This means that, except for the specific exclusions set forth in this Section 3, when you sign at the bottom of this agreement, you are thereby forever releasing and waiving any and all claims and causes of action of any kind or nature for money or for any other form of personal relief, that you have or may have against any DST Entity or against any Plan, based on any events or circumstances arising or occurring on or before the date of your execution of this agreement and release, whether known or unknown, suspected or unsuspected, even if you did not know of or suspect the existence of such a right or claim until after this agreement and release is signed and becomes effective, that relate in any way to your employment, to the ending of your employment, or to any Plan. This release includes, but is not limited to any previous employment agreement, or any federal, state or local common law or under any federal, state or local statute, regulation or ordinance, including, but not limited to, claims of breach of an express or implied contract, claims of breach of the covenant of good faith and fair dealing, claims of defamation or other tort type claims, and any and all claims of unlawful discrimination, harassment, retaliation or other unlawful conduct under Title VII of the Civil Rights Act of 1964, 42 U.S.C. § 2000e et seq.; Civil Rights Act of 1866, 42 U.S.C. § 1981; Americans With Xxxxxxxxxxxx Xxx, 00 X.X.X. § 00000 et seq.; Age Discrimination in Employment Act, 29 U.S.C. § 621 et seq.; Family and Medical Leave Act, 29 U.S.C. § 2601 et seq.; Employee Retirement Income Security Act, 29 U.S.C. § 1001 et seq.; Missouri Human Rights Act, Mo. Rev. Stat. § 213.010 et seq.; or Civil Rights Ordinance of Kansas City, Missouri (Ordinance #53581, Chapter 26, Article IX, 26.201-26.236); or under any other federal, state or local statutory or common law.
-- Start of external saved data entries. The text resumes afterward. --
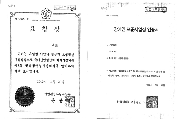 전체 38명 중 35명의 장애인이 일하는 J사는 노동부와 한국장애인고용공단에서 지정한 장애인표준사업장이자 2013년 5월부터는 장애인우수사업주로 인증된 곳이다. 또, 2013년 11월에는 산업통상자원부 장관으로부터 모범 기업경영으로 표창장까지 받은 곳이다.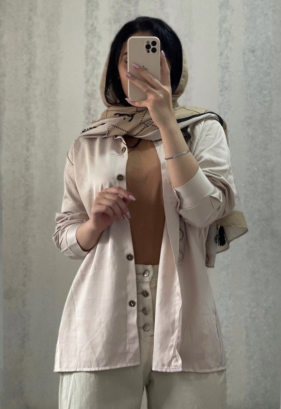 شومیز مانتویی بیسیک کرم کد ۲۲۵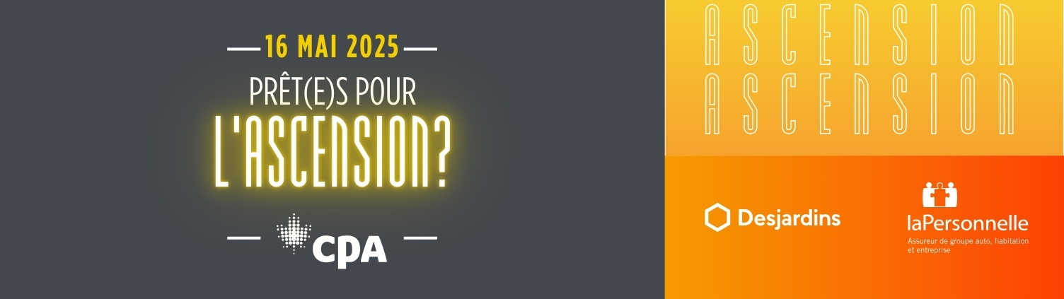 Vous assisterez à l’événement? Il est possible qu’on immortalise en images et en vidéos votre passage parmi nous et qu’on diffuse ce contenu, tout comme votre nom, dans les différents moyens de communication de l’Ordre, des regroupements régionaux, de la Fondation des CPA ou de tierces parties, sans indemnité et selon le délai prévu par l’Ordre, le tout dans le but de contribuer au rayonnement de la profession. En participant à l’événement, vous consentez à cette utilisation.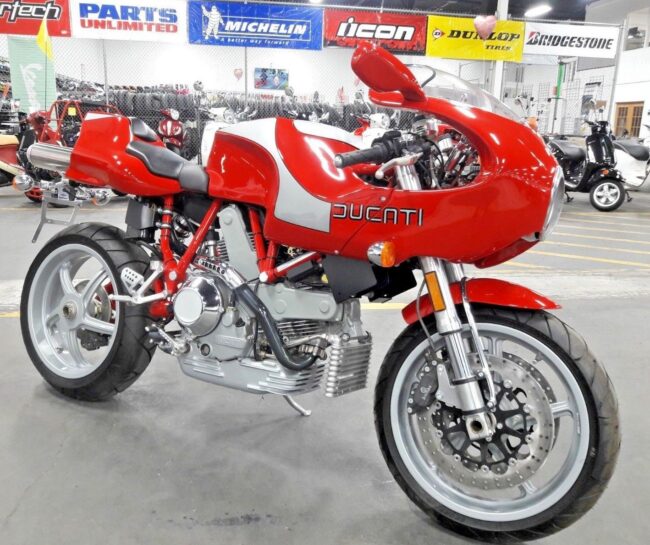 Continuing our recent trend featuring flawed homologation specials comes this Ducati 916 SPS that is, quite tragically, missing its original engine. A truly original example would be pretty pricey, so that missing engine means it might be possible to pick this one up for a relative song. And that’s no bad thing because there’s more…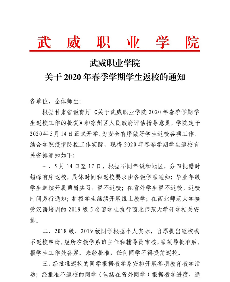 武威職業(yè)學院關(guān)于2020年春季學期學生返校的通知

This release of claims does not include any of the following claims that you have or might have:
a) | any rights or claims related to benefits vested and/or accrued at the time you sign this release of claims under the DST Welfare Benefit Plan, DST Systems, Inc. 401(k) Profit Sharing Plan, or DST Employee Stock Ownership Plan, which rights and claims are governed by the terms of each plan; |
b) | the right to continued benefits upon your payment of premiums in accordance with the Consolidated Omnibus Budget Reconciliation Act of 1985 (“COBRA”); |
c) | any claim to receive workers’ compensation benefits or unemployment insurance, in accordance with applicable law; |
d) | any claim to enforce the terms of this agreement and release; |
e) | any rights or claims that arise after March 31, 2014 except that if you sign this agreement, you agree to the ending of your employment on March 31, 2014 and that this release specifically includes all claims related to the ending of your employment; or |
f) | any claim that cannot be waived as a matter of law. |
In addition, nothing in this agreement and release shall interfere with your right to file a charge with, or participate in an investigation or proceeding before the Equal Employment Opportunity Commission (“EEOC”) or any other federal, state or local regulatory or law enforcement agency. However, the consideration provided to you in this agreement and release shall be the sole relief provided to you for the claims that are released by you in this agreement and release, and you expressly acknowledge and agree to waive, surrender, and give up any personal monetary benefits or recovery against the Company in connection with any such claim, charge, or proceeding without regard to how the charge, investigation, or proceeding was initiated.
4. If you have questions about any of your qualified retirement plan accounts, please contact Xxxxxx Xxxx at 816/435-8611. If you are interested in determining whether your coverage could be continued under the Executive Life and/or Executive Long Term Disability Program beyond your termination date, you should contact insurance broker/agent Xxxx Xxxx at 816/561-1336. The expenses of any such continuation are yours not that of the Company, which shall not be responsible for obtaining or maintaining such coverage.
5. You agree that you shall not disclose, reveal, or divulge to any person or entity, and you shall not use, any “Confidential Information,” “Inventions,” or “Works” (each as defined in this Section) for any purpose.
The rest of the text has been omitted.